[WHAT YOU NEED TO DO]
In the records below, find the line that contains "MÔ TẢ SẢN PHẨM: Sandal" and the line that contains "California, of all"; write out exactly those two lines and everything between them, without the pictures.

[DATA PROVIDED]
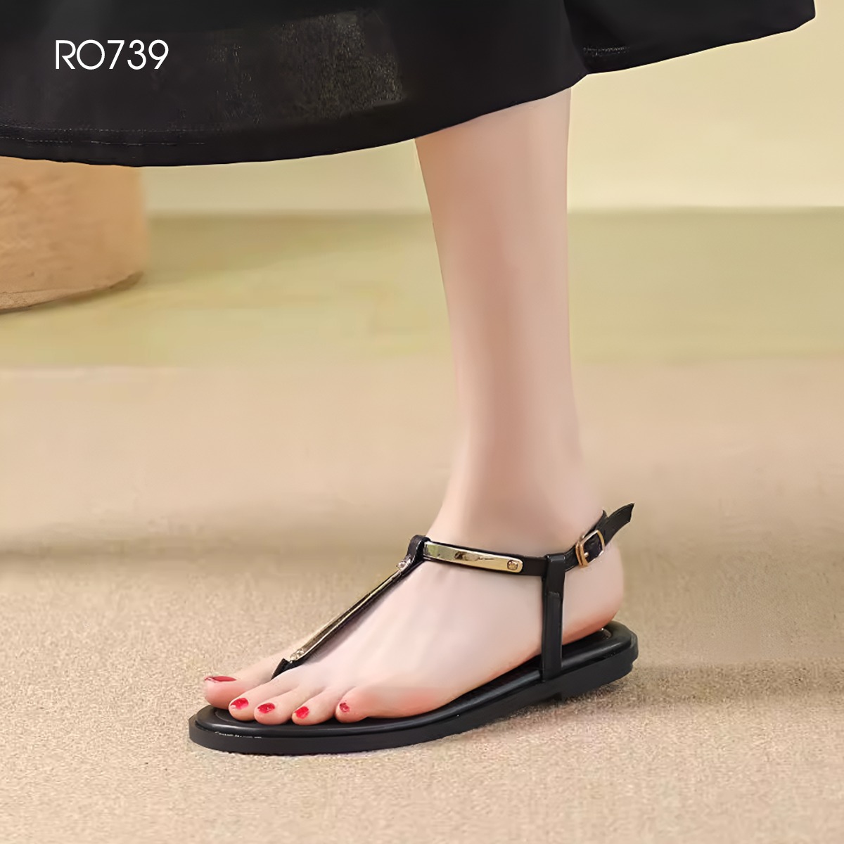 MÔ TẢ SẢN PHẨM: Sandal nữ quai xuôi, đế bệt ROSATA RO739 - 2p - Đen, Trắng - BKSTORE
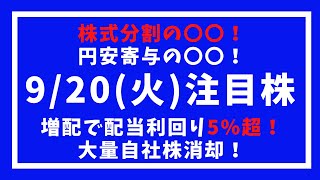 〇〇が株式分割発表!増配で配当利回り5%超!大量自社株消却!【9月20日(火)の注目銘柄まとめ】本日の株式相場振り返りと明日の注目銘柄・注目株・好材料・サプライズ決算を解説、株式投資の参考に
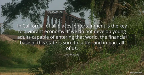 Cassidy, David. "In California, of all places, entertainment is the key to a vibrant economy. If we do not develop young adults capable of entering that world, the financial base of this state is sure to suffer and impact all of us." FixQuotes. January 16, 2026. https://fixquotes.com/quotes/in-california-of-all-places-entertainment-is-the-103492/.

==

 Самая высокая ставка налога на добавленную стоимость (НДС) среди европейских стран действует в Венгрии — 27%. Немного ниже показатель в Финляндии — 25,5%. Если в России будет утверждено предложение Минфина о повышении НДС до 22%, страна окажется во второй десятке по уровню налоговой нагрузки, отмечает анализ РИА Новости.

---

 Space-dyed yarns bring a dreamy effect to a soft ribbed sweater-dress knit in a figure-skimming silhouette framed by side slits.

[EXERCISE SOLUTION]
 MÔ TẢ SẢN PHẨM: Sandal nữ quai xuôi, đế bệt ROSATA RO739 - 2p - Đen, Trắng - BKSTORE
 〇〇が株式分割発表!増配で配当利回り5%超!大量自社株消却!【9月20日(火)の注目銘柄まとめ】本日の株式相場振り返りと明日の注目銘柄・注目株・好材料・サプライズ決算を解説、株式投資の参考に
 Cassidy, David. "In California, of all places, entertainment is the key to a vibrant economy. If we do not develop young adults capable of entering that world, the financial base of this state is sure to suffer and impact all of us." FixQuotes. January 16, 2026. https://fixquotes.com/quotes/in-california-of-all-places-entertainment-is-the-103492/.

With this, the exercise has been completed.